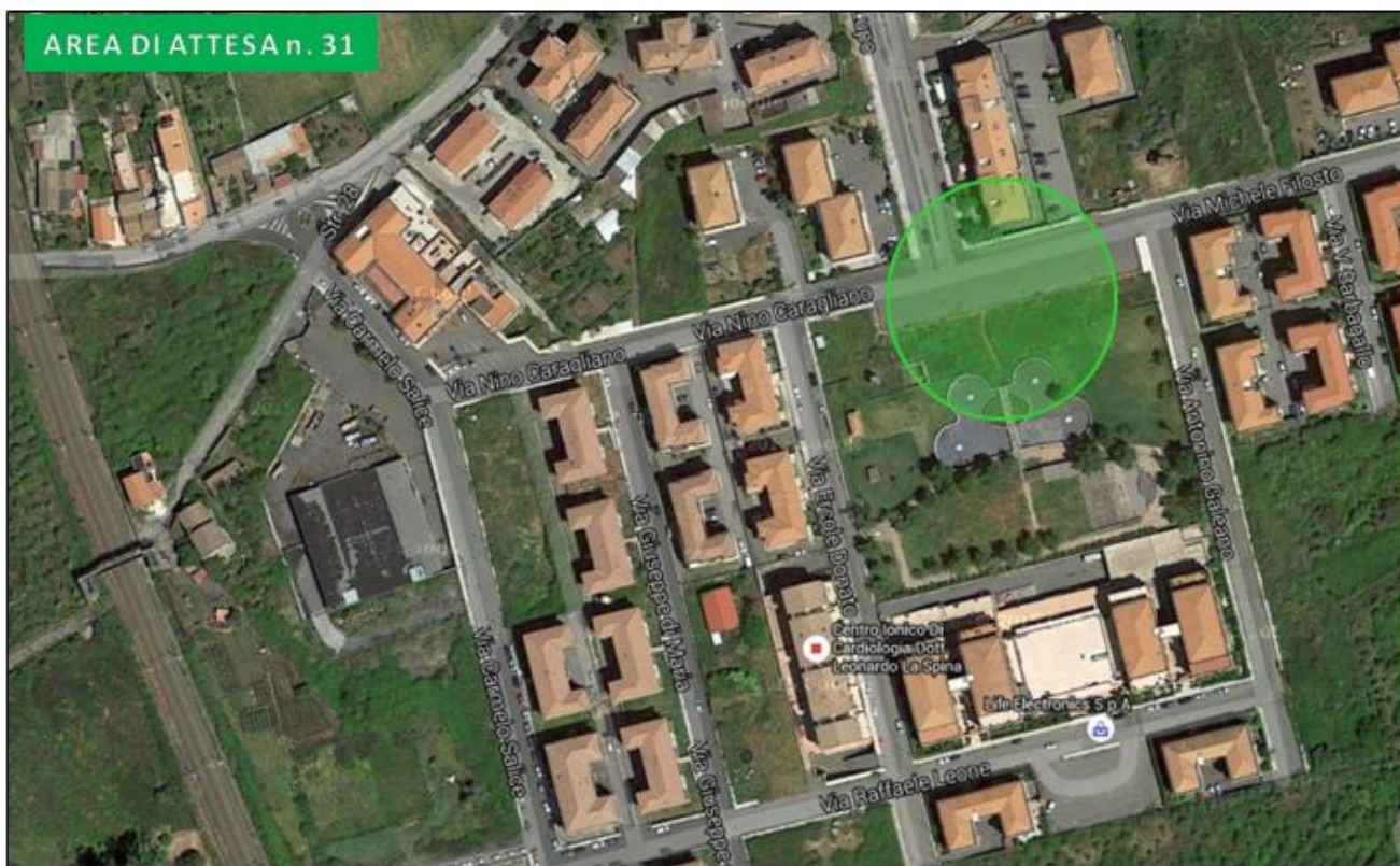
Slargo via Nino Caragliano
--
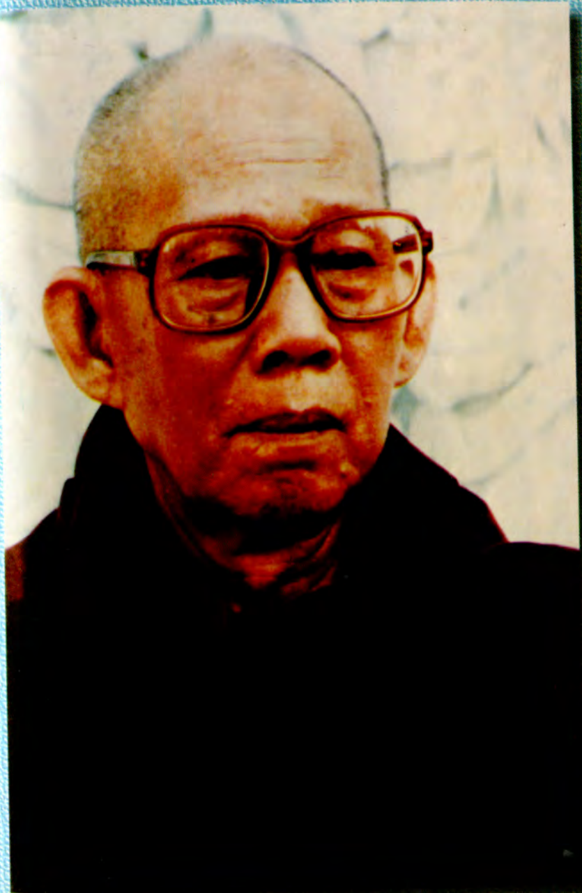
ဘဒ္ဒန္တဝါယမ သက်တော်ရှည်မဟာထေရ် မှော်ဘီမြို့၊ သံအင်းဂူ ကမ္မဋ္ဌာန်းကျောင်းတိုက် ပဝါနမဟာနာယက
==
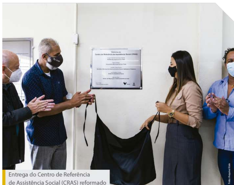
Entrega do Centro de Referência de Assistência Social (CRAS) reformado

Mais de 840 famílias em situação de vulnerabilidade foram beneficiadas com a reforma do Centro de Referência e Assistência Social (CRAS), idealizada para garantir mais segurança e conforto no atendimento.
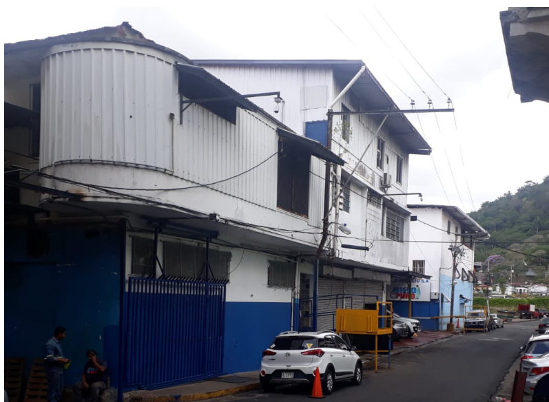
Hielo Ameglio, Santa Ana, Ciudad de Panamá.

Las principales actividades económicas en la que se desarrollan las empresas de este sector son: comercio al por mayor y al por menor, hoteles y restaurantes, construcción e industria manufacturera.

**WHAT THE EXERCISE ASKS**
Using the listing above, reproduce word for word every line from the one containing "Entrega do Centro" through the one containing "Las principales actividades". Pictures must be left out.

**ANSWER SPACE**
Entrega do Centro de Referência de Assistência Social (CRAS) reformado

Mais de 840 famílias em situação de vulnerabilidade foram beneficiadas com a reforma do Centro de Referência e Assistência Social (CRAS), idealizada para garantir mais segurança e conforto no atendimento.
Hielo Ameglio, Santa Ana, Ciudad de Panamá.

Las principales actividades económicas en la que se desarrollan las empresas de este sector son: comercio al por mayor y al por menor, hoteles y restaurantes, construcción e industria manufacturera.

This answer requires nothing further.